From: Andrew Stesin <[email protected]>
Date: Fri, 6 Sep 1996 11:13:42 +0300 (EET DST)

|
|
| Would you suggest that in.telnetd not ask for a password,
| and instead you packet filter at your gateways to allow only
| certain hosts?

        :-)

        Of course, FIRST OF ALL I'll set up an per-source-IP-based
        filtering on a board router. THAN another level comes in --
        a per-person level. Squid doesn't have one; or should it to?

        
| The router should not have to be reconfigured every time
| you add another piece of software,

        Pretty rare case.

| or every time you move the software to a different machine,

        Avoided by careful administration. Think what you are doing
        and you'll be Ok :)

| or configure a different port for the software to listen to,

        Even more rare case. Do you move your in.telnetd from
        one random port to another on a weekly basis?

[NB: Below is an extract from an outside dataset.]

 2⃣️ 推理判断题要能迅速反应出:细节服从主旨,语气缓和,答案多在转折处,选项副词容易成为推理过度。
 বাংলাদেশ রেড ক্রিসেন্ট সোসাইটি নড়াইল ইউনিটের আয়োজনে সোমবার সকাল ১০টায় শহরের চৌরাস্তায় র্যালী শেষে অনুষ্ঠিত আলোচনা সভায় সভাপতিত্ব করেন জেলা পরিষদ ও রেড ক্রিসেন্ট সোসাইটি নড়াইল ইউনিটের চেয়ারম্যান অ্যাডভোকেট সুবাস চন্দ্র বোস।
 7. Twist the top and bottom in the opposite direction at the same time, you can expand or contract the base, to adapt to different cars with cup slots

| If a software service desires security,
| it needs to implement its own security,

        Why /bin/ls doesn't ask you for password each time you use it?

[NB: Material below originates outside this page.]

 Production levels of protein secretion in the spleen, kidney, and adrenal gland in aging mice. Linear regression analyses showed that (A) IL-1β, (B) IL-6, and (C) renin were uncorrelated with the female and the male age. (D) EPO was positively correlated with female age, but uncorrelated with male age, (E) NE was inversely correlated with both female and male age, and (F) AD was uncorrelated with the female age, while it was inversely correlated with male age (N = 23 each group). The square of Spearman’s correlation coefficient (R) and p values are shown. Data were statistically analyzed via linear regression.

| rather than coming with an instruction book: "Ok, if you have this kind of
| system, you implement security like this... and if you don't, well
| go figure it out for yourself!"

        Ok, suppose your'e right. So your'e left with N software
        subsystems each with it's own security defence,
        all partially overlapped and highly incompatible.
        It would be more of a headache than of security,
        beleive me. (Note what your firewall books tell you
        on this topic. The main concept of firewalling
        is to simplify things as far as possible,
        otherwise you lose the ability
        to manage all that many complex, nontrivial and
        incompatible thingies. And this approach _really_ works).

| Yes you get slightly larger apps. The savings that you have in
| maintenance, though, far outweighs the extra disk space, memory, and
| cpu time it would consume.
| Experience tells me this (I do NOT work in
| an ivory tower), and these are features I look for in software that I
| use.

        In _maintenance_????? All _my_ experience votes against
        this. Either I'm missing something,
        or I'm a sysadmin of a different brand than you ;)

        In the case of "big" app like Squid we have a clear choice,
        given a very limited manpower and time resources
        of it's developers:

        a) efforts are spent _both_ on cache functionality _and_
           advanced (read: fascist :) ACL subsystem,
           which isn't critical for Squid's direct
           functionality and really is Yet-Another-Duplicate
           of packet filter functionality.

           This way both parts will be buggy for a much longer time.
           (non-linear time dependance on complexity!)

        b) ACLs are left alone in the state they are now,
           and the efforts are spent at better functionality
           of caching itself (is _everything_ Ok there? no more bugs
           in caching? memory management? performance-wise? oh God... ;)

        That's just my opinion... if the developers will think
        that writing ACL stuff is a better application of their
        spare time, nobody will ask me, of course. :) So I'm
        shutting up, no more suggestions. :)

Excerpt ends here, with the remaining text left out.